Apache Spark - Garbage Collection Tuning
Garbage collection in Apache Spark isn't just a JVM concern—it's a distributed systems problem. When an executor pauses for GC, it's not just that node slowing down. Task stragglers delay entire...
Key Insights
- Garbage collection tuning in Spark often yields 20-40% performance improvements, yet most teams skip it entirely, defaulting to configurations optimized for general Java applications rather than distributed data processing.
- The G1 garbage collector with properly sized regions handles most Spark workloads well, but memory-intensive jobs benefit from tuning young generation size and adjusting
spark.memory.fractionbased on your shuffle-to-cache ratio. - Code-level changes—using broadcast variables, avoiding unnecessary UDFs, and enabling Kryo serialization—often matter more than JVM flag tweaking; fix the object allocation patterns first, then tune the collector.
Introduction to GC in Spark
Garbage collection in Apache Spark isn’t just a JVM concern—it’s a distributed systems problem. When an executor pauses for GC, it’s not just that node slowing down.
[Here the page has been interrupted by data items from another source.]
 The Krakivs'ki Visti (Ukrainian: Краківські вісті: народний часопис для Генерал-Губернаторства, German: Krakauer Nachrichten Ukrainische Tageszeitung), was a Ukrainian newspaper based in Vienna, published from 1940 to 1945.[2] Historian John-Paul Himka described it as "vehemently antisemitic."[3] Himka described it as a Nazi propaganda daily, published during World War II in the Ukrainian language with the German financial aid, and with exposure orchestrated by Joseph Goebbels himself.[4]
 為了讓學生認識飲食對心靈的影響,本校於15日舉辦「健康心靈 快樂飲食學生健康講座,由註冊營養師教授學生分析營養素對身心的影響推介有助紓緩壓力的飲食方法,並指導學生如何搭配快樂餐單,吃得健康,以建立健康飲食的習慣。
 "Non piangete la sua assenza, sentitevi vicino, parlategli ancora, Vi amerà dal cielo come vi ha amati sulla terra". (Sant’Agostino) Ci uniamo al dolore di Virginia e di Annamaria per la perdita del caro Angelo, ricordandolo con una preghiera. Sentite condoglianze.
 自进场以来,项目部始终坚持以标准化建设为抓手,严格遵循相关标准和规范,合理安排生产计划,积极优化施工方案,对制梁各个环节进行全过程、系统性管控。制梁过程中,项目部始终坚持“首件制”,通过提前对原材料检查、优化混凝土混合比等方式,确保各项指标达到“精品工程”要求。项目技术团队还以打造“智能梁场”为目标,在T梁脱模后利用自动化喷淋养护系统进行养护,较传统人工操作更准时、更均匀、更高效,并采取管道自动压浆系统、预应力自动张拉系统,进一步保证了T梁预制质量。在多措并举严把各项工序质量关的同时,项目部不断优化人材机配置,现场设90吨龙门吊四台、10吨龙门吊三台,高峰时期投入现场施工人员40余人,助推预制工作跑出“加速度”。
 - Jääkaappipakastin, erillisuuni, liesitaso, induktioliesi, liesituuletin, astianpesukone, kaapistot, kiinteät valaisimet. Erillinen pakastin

Task stragglers delay entire stages, speculative execution wastes cluster resources, and in extreme cases, executors get marked as lost when they can’t heartbeat to the driver.
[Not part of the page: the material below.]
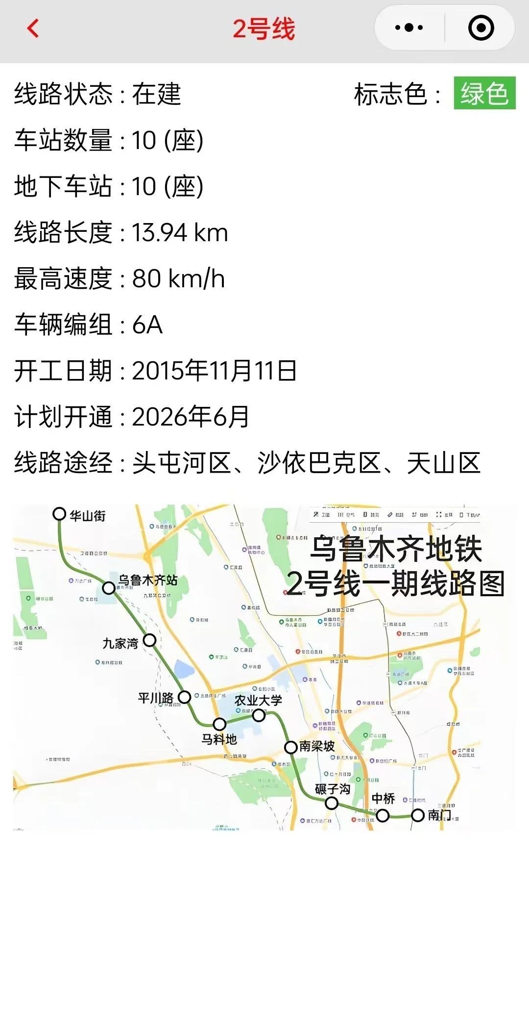 乌鲁木齐地铁2号线最新消息! 根据最新信息,乌鲁木齐地铁2号线北段(华山街站至南门站)建设进展顺利,计划于2026年6月开通初期运营。该段全长约13.94公里,均为地下线,共设10座车站,目前车站主体结构已全部封顶,轨道区间已贯通,并进入机电设备安装和综合联调阶段。开通后可在南门站与1号线换乘,显著提升天山区、沙依巴克区等区域的公共交通效率。 2号线北段是乌鲁木齐南北向的骨干线路,将有效分流1号线客流,串联高铁站、老城区及新开发区,预计南北通勤时间缩短30%以上1。未来二期工程(华山街站至机场东站)计划同步开通,进一步连接机场与核心城区。地铁2线 2号地铁 地铁2号3号线 二号线地铁线 乌鲁木齐地铁 地铁z2 2号线北延

Spark’s programming model encourages operations that create massive object churn. Every map(), filter(), and groupBy() potentially allocates millions of intermediate objects. The framework does clever things with memory pools and off-heap storage, but your code still runs on the JVM, and the JVM still needs to clean up after you.
I’ve seen production jobs go from 45-minute runtimes to 28 minutes purely through GC tuning. That’s not optimization theater—that’s real compute cost savings and faster data pipelines.
Understanding Spark’s Memory Model
Spark divides executor memory into distinct regions, and understanding this split is essential for effective GC tuning.
The unified memory model (introduced in Spark 1.6) dynamically shares memory between execution and storage. Execution memory handles shuffles, joins, sorts, and aggregations. Storage memory caches RDDs and broadcast variables. When one side needs more memory and the other has spare capacity, borrowing happens automatically.
Here’s how to configure the basic memory layout:
val spark = SparkSession.builder()
.appName("GC-Optimized-Job")
.config("spark.executor.memory", "8g")
.config("spark.memory.fraction", "0.6") // Total managed memory (default: 0.6)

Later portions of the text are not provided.